El actor y director que alcanzó la fama gracias a su recordada incursión en el spaghetti western, ha vinculado por entero su trayectoria a este género.
A lo largo de la historia del séptimo arte, Hollywood ha logrado encontrar en cada época a una serie de intérpretes que se han erigido en referentes del wéstern. De este modo, durante la época muda, dos actores compitieron por el trono dentro del género tratando de imponer sus propios estilos: Por un lado, el actor Tom Mix se erigió en la primera gran estrella del wéstern gracias a una serie de personajes heróicos y valientes que defendían la justicia y que ganaron relevancia gracias a las impresionantes acrobacias a caballo y al despliegue físico que el actor fue capaz de realizar en películas como ‘El desafío de Single Park’(E. A. Martin, 1917) o ‘El asalto al tren expreso’ (Lewis Seiler, 1926). Por otra parte, Harry Carey se especializó en papeles más oscuros y contenidos, dando vida a personajes de moral cuestionable que en el último instante deciden hacer lo correcto, siendo un precursor del concepto de antihéroe. En el momento álgido de su fama, el actor inició una fructífera colaboración con un joven director que pocas décadas más tarde cambiaría para siempre el género: John Ford.
Así pues, tras el final de la época muda, fue el propio Ford el que lanzó al estrellato a John Wayne gracias a su papel en ‘La diligencia’ (John Ford, 1939). Posiblemente Wayne haya sido la estrella más famosa que el wéstern haya dado jamás, brillando en películas como ‘Río Rojo’ (Howard Hawks y Arthur Rosson, 1948), ‘Centauros del desierto’ (John Ford, 1956), ‘Río Bravo’ (Howard Hawks, 1959), o ‘El hombre que mató a Liberty Valance’ (1962).

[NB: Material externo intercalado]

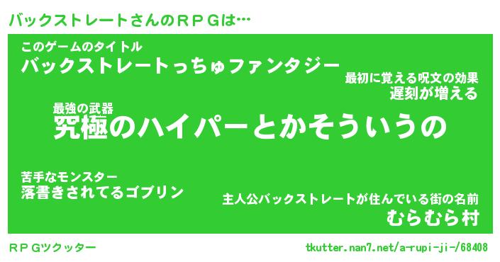 | 男性向けラノベタイトル風あだ名 | 『バックストレートアートオンライン』 |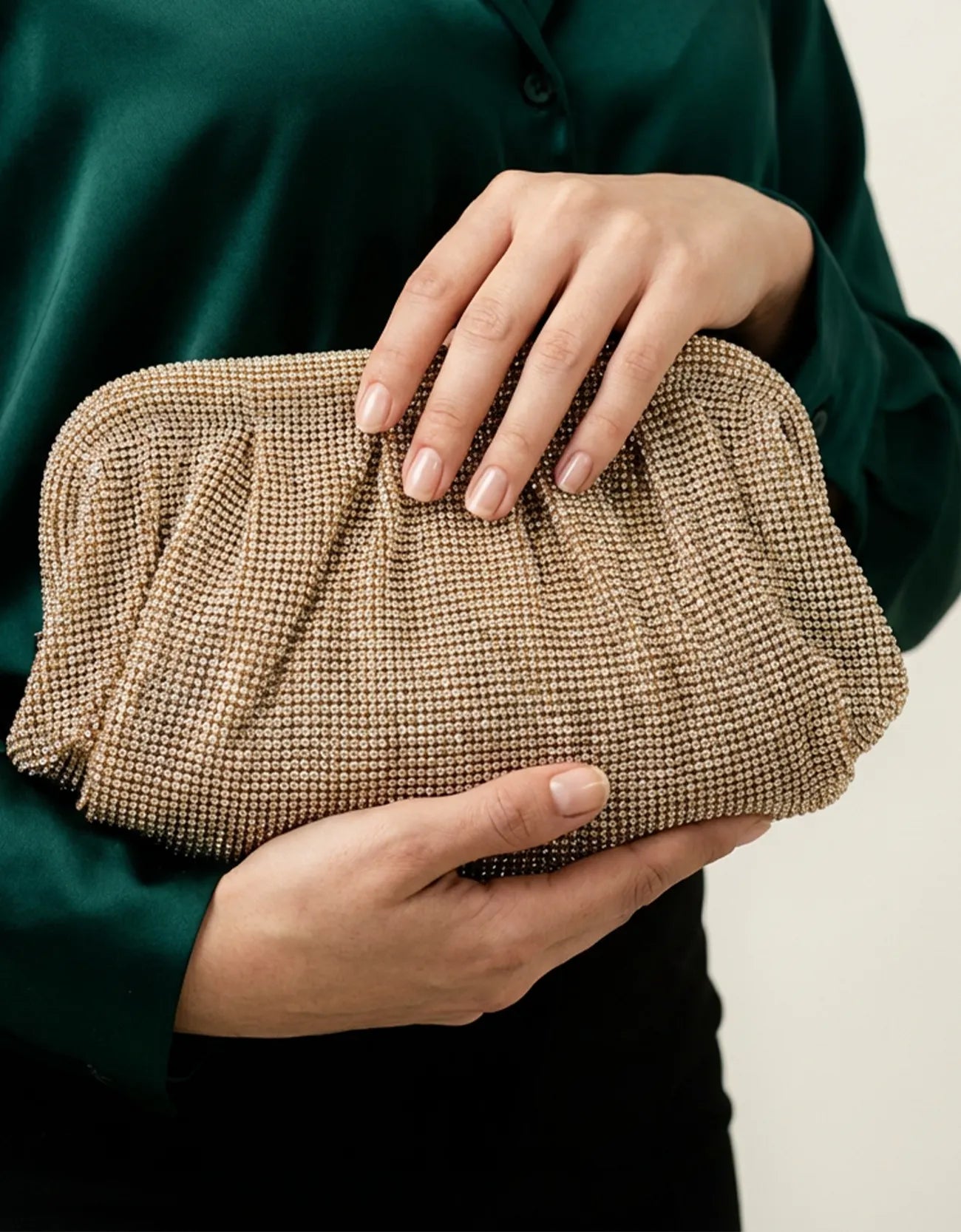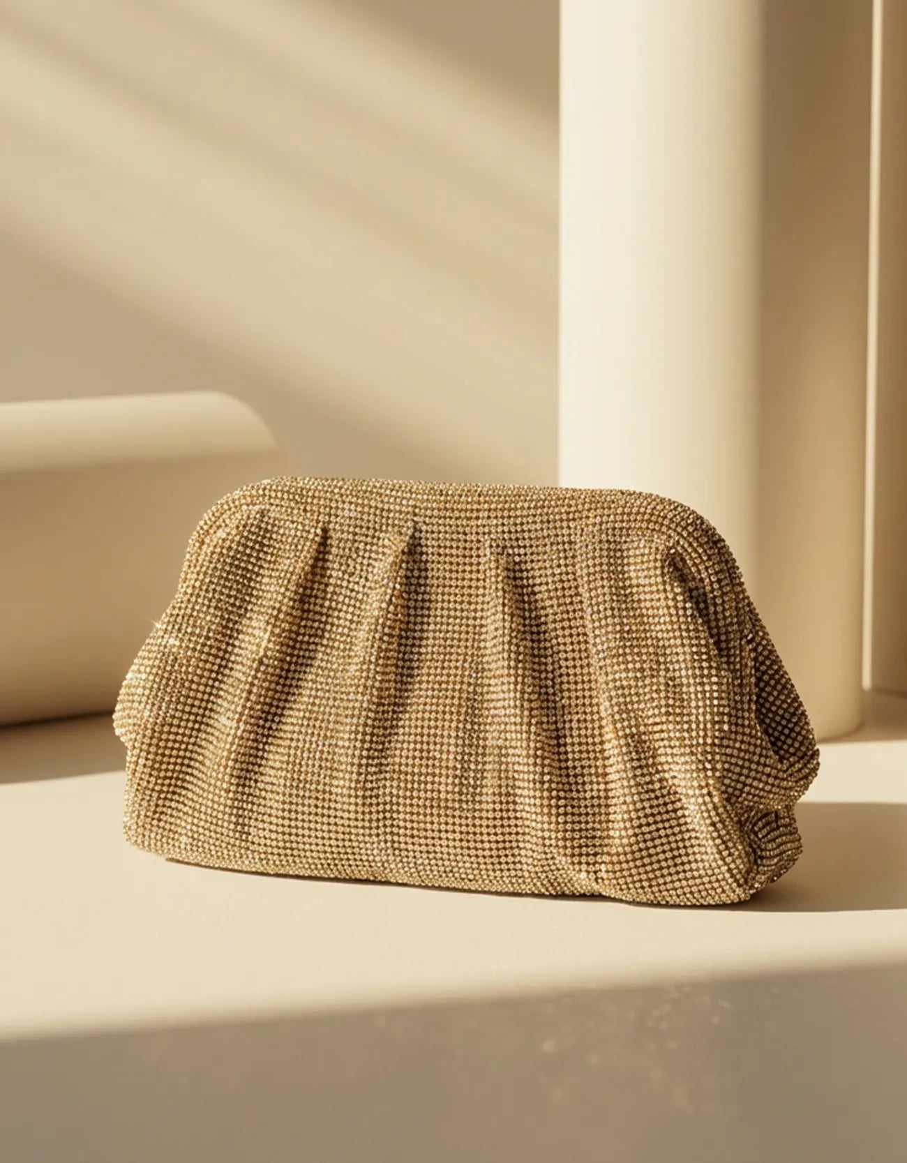 A shimmering golden pouch that adds instant luxe to any look— lightweight, chic, and irresistibly eye-catching.

El actor se especializó en personajes duros y seguros de sí mismos, y tras toda una vida entregada al género, finalmente pudo alzarse con el Oscar en la categoría de Mejor actor principal gracias a su papel en ‘Valor de ley’ (Henry Hathway, 1969).
Al mismo tiempo que figuras como Wayne vivían sus últimos años de carrera, el spaghetti western explotó en Europa y nació una nueva forma de enfocar el género que atrajo consigo a una nueva hornada de icónicos intérpretes. Entre ellos destacaron Franco Nero, famoso por películas como ‘Django’ (Sergio Corbucci, 1966) o ‘Salario para matar’ (Sergio Corbucci, 1968); o el divertido dúo integrado por Terence Hill y Bud Spencer que ganó notoriedad gracias a películas como ‘Le llamaban Trinidad’ (Enzo Barboni, 1970). No obstante, si una figura emergió con más fuerza que ningún otro actor dentro de los estándares del spaghetti western ese fue Clint Eastwood, quien tras un inició errático de su carrera cinematográfica se instaló en Europa durante la década de los 60 para rodar junto al realizador italiano Sergio Leone la famosa ‘trilogía del dólar’, compuesta por ‘Por un puñado de dólares’ (1964), ‘La muerte tenía un precio’ (1965), y ‘El bueno, el feo y el malo’ (1966).
Clint Eastwood, sobre Estados Unidos: «No es como Europa»
Tras su irrupción en el género, Clint Eastwood consiguió convertirse en uno de los actores de wéstern más legendarios de la historia del séptimo arte gracias a otra serie de exitosos filmes, algunos de ellos dirigidos por él mismo, entre los que destacan ‘La leyenda de la ciudad sin nombre’ (Joshua Logan, 1969), ‘Infierno de cobardes’ (Clint Eastwood, 1973), ‘El jinete pálido’ (Clint Eastwood, 1985), o ‘Sin perdón’ (Clint Eastwood, 1992), cinta esta última por la que ganó el premio Oscar en la categoría de Mejor director. La influencia de Eastwood en el wéstern es incalculable, y el actor y director se ha establecido como una de las figuras más legendarias de su historia, explicando el vínculo que le une a este género en concreto:“Me siento muy cercano al western. Sinceramente, Estados Unidos no es como Europa. Aquí no hay muchas formas de arte originales. La mayoría derivan de formas de arte europeas. Aparte del western, el jazz o el blues, eso es todo lo que es realmente original”.